A report on women’s rights in Turkey presented by pro-Kurdish Peoples’ Democratic Party (HDP) group deputy chair Filiz Kerestecioğlu to the Parliamentary Assembly of the Council of Europe (PACE) showed that 25,523 women have been dismissed from their jobs under an ongoing state of emergency declared immediately after a botched coup attempt in Turkey in July 2016.
According to a Cumhuriyet daily report on Wednesday, 25,523 women make up 23 percent of all people fired during the state of emergency, known as OHAL.
The report, titled “Women’s Rights Violations in Turkey,” said women who were dismissed from the civil service under government decrees (KHKs) were not able to find another job and lost their economic independence.
The state of emergency and government decrees negatively impacted the lives of women, while misogynist and oppressive conservative discourse has risen during the OHAL period, the report said.
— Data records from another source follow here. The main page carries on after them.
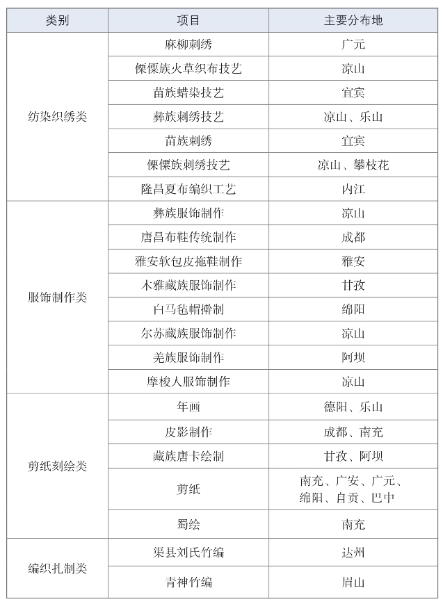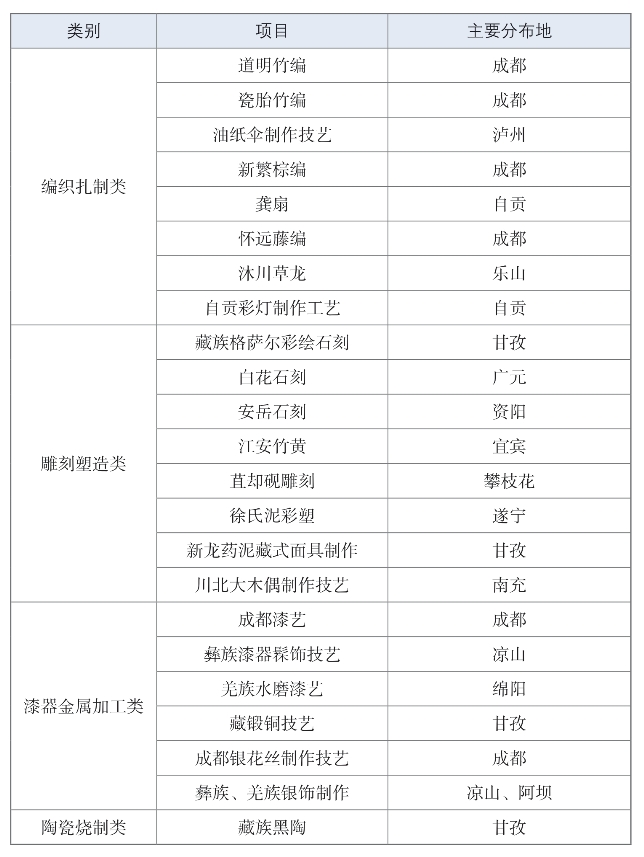 附录二 四川省主要传统手工艺的分布情况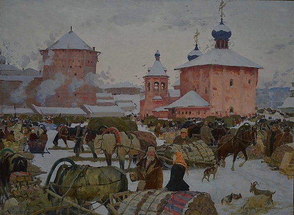 На картине изображён зимний базар у Троице-Сергиевой лавры. В центре композиции находятся мужчина в шапке с опущенными ушами и тулупе и женщина в жёлтом платке и чёрном пальто, которые беседуют друг с другом. Перед ними стоит запряжённая в сани лошадь, жующая сено. В правом углу размещены две козы, гусь и утка. За ними видны многочисленные сани с лошадьми и людьми. На заднем плане справа изображены заснежённые красные Введенская и Пятницкая церкви, а слева — красная Пятницкая башня, перед которой расположены торговые палатки.
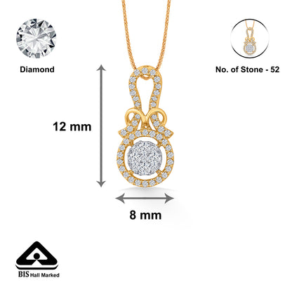 Check out our 18 Karat Gold & Diamond Casual Pendant, perfect for every woman. With BIS-certified purity and adorned with VVS-FG Certified clarity diamonds, it's ideal for daily wear or as a special gift. Great for birthdays, anniversaries, or Rakshabandhan, this ring is made to be treasured. It's versatile enough for both festive and casual looks, adding elegance to any outfit. You'll receive it in secure, tamper-proof packaging, ensuring safety and peace of mind. Additionally, it comes with a lifetime warranty and a convenient buyback policy at our stores across India, making it the perfect thoughtful gift.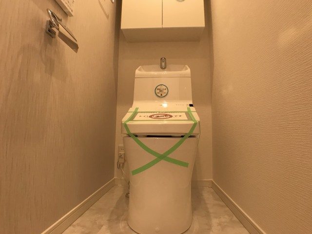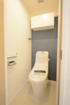 吊戸棚も付いているので消耗品などのストックもトイレ内に置いておくことができますね。
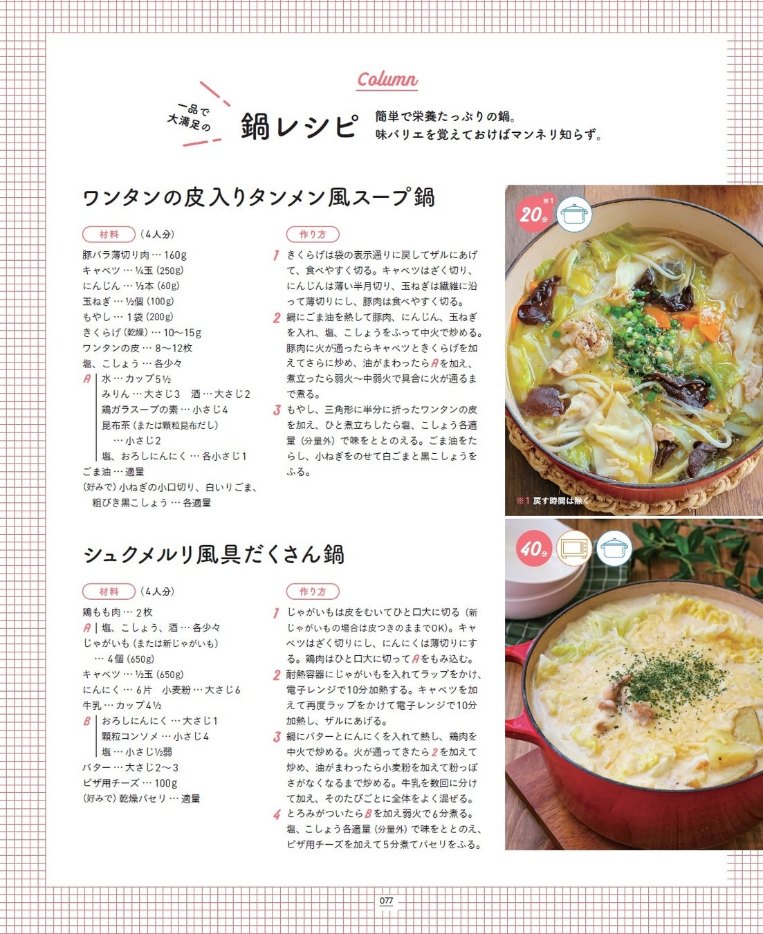 またInstagramやNadiaで大人気の鍋レシピもたっぷり掲載! 松山さん自身、「鍋は野菜もたんぱく質もとれる便利なおかず」とおすすめしています。鍋だれや鍋つゆのバリエーションもたっぷりあるので、飽きずに手軽な鍋レシピを楽しめます。
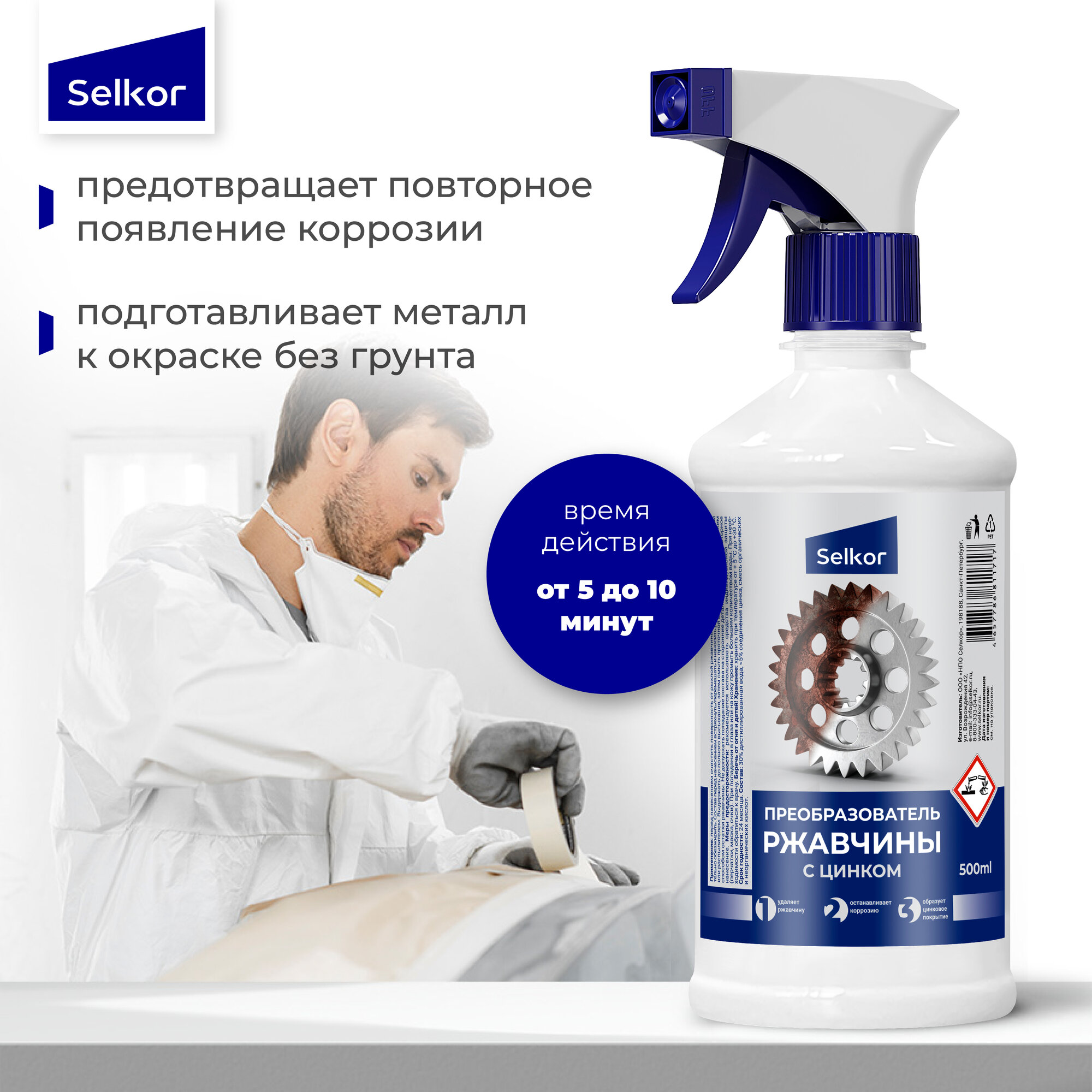 Преобразователь ржавчины с цинком Selkor 0,5 л с триггером информация: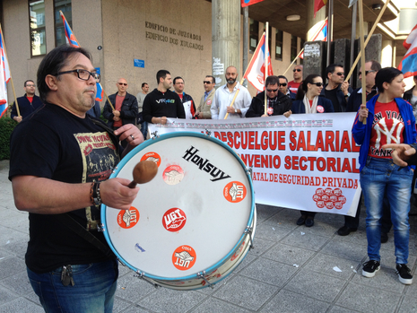 Una treintena de vigilantes de seguridad de la empresa Alcor se concentraron hoy ante los juzgados para protestar porque el dueño se descolgó unilateralmente del convenio nacional y les rebajó el salario en 300 euros a cada empleado con un convenio propio un 30 por ciento inferior al estatal. El que más cobra gana 1.000 euros, dicen. Alcor presta servicio de vigilancia en los juzgados de Vigo y Tui, y en la Cidade da Cultura, en Santiago de Compostela. Un portavoz de FES-UGT de Vigo, Chus Álvarez, dijo que la rebaja de costes salariales hace más competitiva la empresa de forma que logra contratos públicos y pidió a la Administración que controle estas prácticas. Temen que la tendencia sea que el sueldo caiga al mínimo ínterprofesional.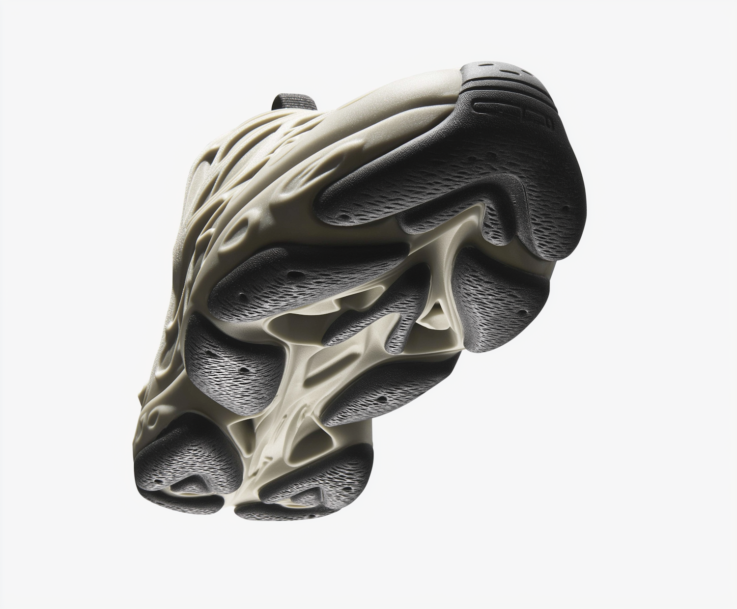 Close-up of a sneaker sole with a modern, sculpted design in black and beige tones, emphasizing texture and innovative style.
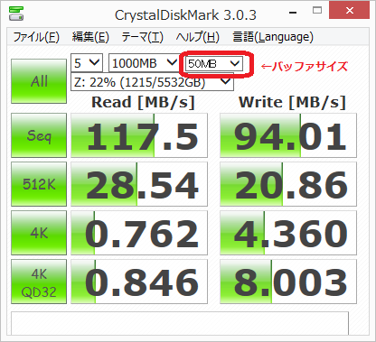 バッファサイズ50MBにすると良い値がでました。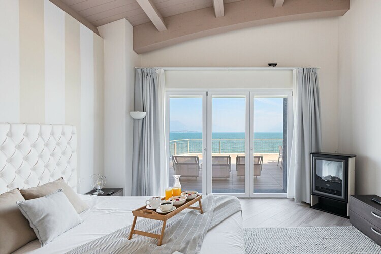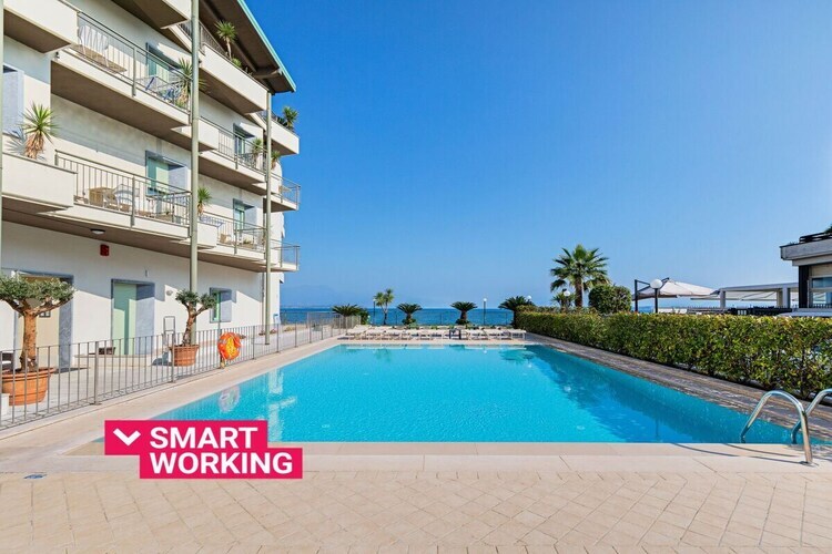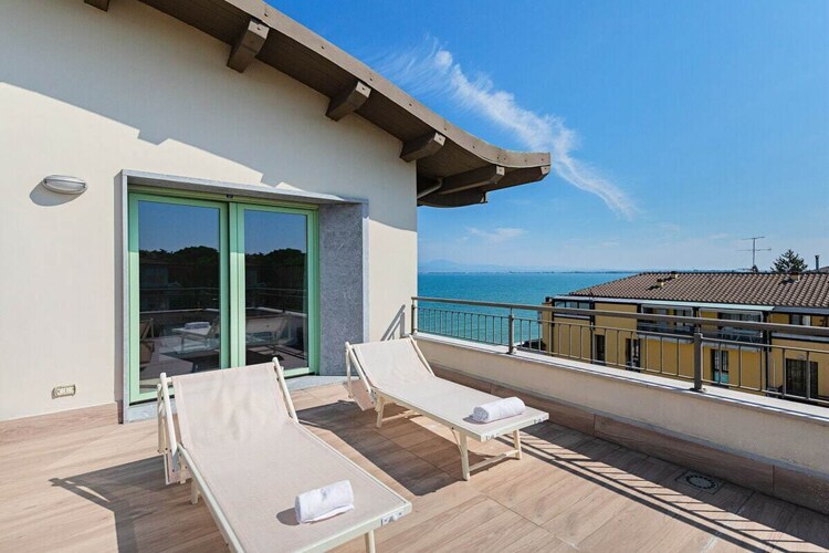 Belle mansarde avec vue imprenable sur le lac, située dans la Residenza Miralago avec piscine à débordement et jardin partagés, à quelques pas du centre de Desenzano del Garda et avec accès direct à la promenade et à la plage publique.

The report drew attention to the fact that most of the women who were dismissed from the civil service were known for their critical stance against the government. Since June 2017 out of 3,100 people who were dismissed from 11 trade unions affiliated with the Confederation of Public Employees Trade Unions (KESK), more than 600 are reported to be women.
One-third of students whose scholarships to study abroad were canceled and one-fifth of academics who were dismissed from universities are women.
The report also showed that 11 women’s organizations were closed by government decree and women who experience domestic violence have to wait for hours due to a lack of personnel at police stations.
According to the report, 35 femail mayors, 16 female journalists and five HDP deputies working for gender equality are in jail.
Turkey’s Justice Ministry announced on July 13 that 50,510 people have been arrested and 169,013 have been the subject of legal proceedings on coup charges since the failed coup.
Turkey has suspended or dismissed more than 150,000 judges, teachers, police and civil servants under the post-coup state of emergency rule.